Watching numerous games in the hurling championships at minor, U20 and senior level in recent years it is obvious that a significant rule change is needed.
Hurling needs a black card. Full stop.
And the reason? To stop those teams holding a lead late on in games from cynically fouling their opponents who have created a goal-scoring opportunity.
Players are happy to take a yellow card late on in games rather than run the risk of a goal being scored if they opt not to haul their opposition player down.
Indeed, players on teams defending a lead, can take it in turns, if not already on a yellow card, to commit cynical fouls in order to prevent the opposition from scoring goal.

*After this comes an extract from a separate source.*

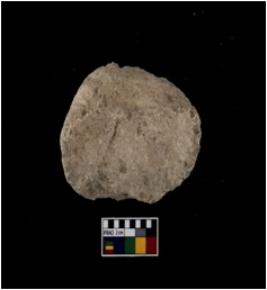 | Description / विवरण | A partially broken specimen of stone disc with rounded and smooth edge and flat surface. It is made of quartz. |

The question is whether the introduction of a black card where a player is forced to leave the field for 10 minutes is sufficient punishment for a player who commits a cynical foul to prevent a goal being scored.
Going down to 14 players for the final minute or two of a game when holding a two or three point advantage, for example, is not going to players from engaging in cynical fouling.
If the foul is committed, say inside the 45m line, a penalty should also be awarded to the attacking team. The possibility of conceding a goal would quickly deter the defending side from engaging in such cynical fouling.
Will we see a black card in hurling? Time will tell.